Enfin, un troisième point est qu’en cas de
non-fonctionnement de la radio, pour une cause ou une autre, le Centurion
pourra toujours être rattrapé ; à un moment donné, son combustible cessera
d’arriver aux chaudières et il stoppera.
Il a fallu prévoir, pour notre avion-but,
une compensation qui lui permette automatiquement de faire certains
rétablissements d’équilibre dans l’air, et de revenir sainement à terre ou sur
mer.
Insuffisance
des tirs sur manche
Nous avons été ainsi guidés dans
l’établissement de notre projet par les tirs sur manche.

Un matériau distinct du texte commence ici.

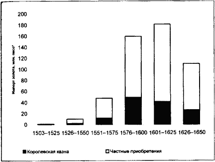 За 160 лет, между 1503 и 1660 гг., в Севилью было доставлено 16 тыс. т серебра. Запасы этого металла в Европе возросли втрое. За тот же период ввоз 185 т золота увеличил европейские ресурсы этого металла примерно на 20%. [139] Данные о поступлении драгоценных металлов в Испанию приведены на рис. 3.1.

Ce sont précisément les défauts de ces tirs
qui nous ont le plus invités à recourir à l’avion-but.
Dans les tirs sur manche, un de nos avions
remorque à 1.000 yards
(environ 900 mètres )
derrière lui une manche, sur laquelle on tire.
Ce remorquage limite la vitesse de l’avion,
et immédiatement le tireur est mis dans des conditions qui ne seront
qu’exceptionnelles à la guerre.
En second lieu, l’avion et la manche ne
peuvent se livrer à des évolutions rapides.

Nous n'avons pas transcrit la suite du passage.